*** Records supplied ***

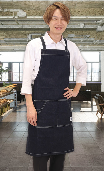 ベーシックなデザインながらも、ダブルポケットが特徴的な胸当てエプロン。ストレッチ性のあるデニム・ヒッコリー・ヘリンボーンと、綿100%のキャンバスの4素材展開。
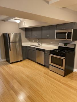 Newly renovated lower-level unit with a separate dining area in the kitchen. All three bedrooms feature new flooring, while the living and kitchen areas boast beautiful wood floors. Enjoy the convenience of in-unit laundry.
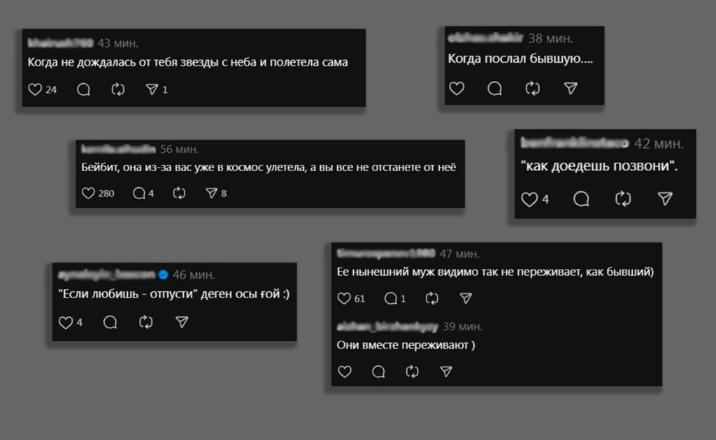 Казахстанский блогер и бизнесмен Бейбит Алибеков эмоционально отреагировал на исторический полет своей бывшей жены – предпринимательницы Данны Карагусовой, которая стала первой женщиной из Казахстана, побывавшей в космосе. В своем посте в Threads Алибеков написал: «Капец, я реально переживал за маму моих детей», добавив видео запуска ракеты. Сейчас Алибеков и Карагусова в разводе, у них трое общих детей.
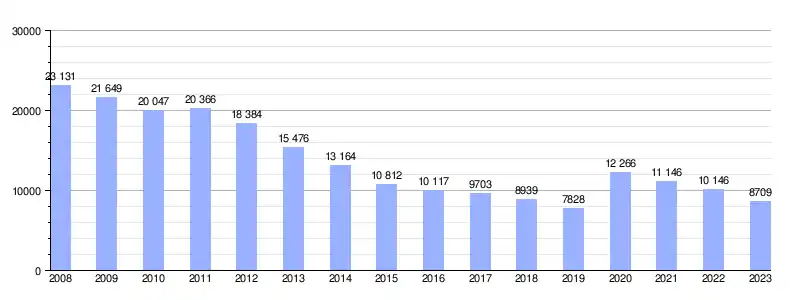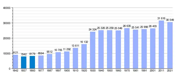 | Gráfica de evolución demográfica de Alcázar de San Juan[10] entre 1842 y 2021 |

*** End of Records supplied ***
*** Records supplied ***

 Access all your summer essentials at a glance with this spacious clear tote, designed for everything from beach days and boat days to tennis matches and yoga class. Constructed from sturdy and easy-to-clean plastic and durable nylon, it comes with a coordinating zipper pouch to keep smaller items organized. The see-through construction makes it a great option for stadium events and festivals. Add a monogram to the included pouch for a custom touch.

*** End of Records supplied ***
*** Records supplied ***

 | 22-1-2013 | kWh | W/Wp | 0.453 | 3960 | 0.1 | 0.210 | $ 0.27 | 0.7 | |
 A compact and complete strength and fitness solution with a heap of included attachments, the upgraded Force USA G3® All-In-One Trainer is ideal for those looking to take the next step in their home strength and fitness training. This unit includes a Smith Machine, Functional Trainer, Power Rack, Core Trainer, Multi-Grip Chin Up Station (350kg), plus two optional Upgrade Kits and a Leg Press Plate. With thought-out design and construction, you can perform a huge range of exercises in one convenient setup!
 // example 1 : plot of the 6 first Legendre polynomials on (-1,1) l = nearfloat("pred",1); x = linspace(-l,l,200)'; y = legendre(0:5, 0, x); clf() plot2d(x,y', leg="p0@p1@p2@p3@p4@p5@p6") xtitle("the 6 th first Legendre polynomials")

*** End of Records supplied ***

*Problem to work on:*
Please return the material above only from the line that holds "ベーシックなデザインながらも" through the line that holds "1842 y 2021 |", exactly as it stands, ends included and pictures omitted.

*Expected answer:*
 ベーシックなデザインながらも、ダブルポケットが特徴的な胸当てエプロン。ストレッチ性のあるデニム・ヒッコリー・ヘリンボーンと、綿100%のキャンバスの4素材展開。
 Newly renovated lower-level unit with a separate dining area in the kitchen. All three bedrooms feature new flooring, while the living and kitchen areas boast beautiful wood floors. Enjoy the convenience of in-unit laundry.
 Казахстанский блогер и бизнесмен Бейбит Алибеков эмоционально отреагировал на исторический полет своей бывшей жены – предпринимательницы Данны Карагусовой, которая стала первой женщиной из Казахстана, побывавшей в космосе. В своем посте в Threads Алибеков написал: «Капец, я реально переживал за маму моих детей», добавив видео запуска ракеты. Сейчас Алибеков и Карагусова в разводе, у них трое общих детей.
 | Gráfica de evolución demográfica de Alcázar de San Juan[10] entre 1842 y 2021 |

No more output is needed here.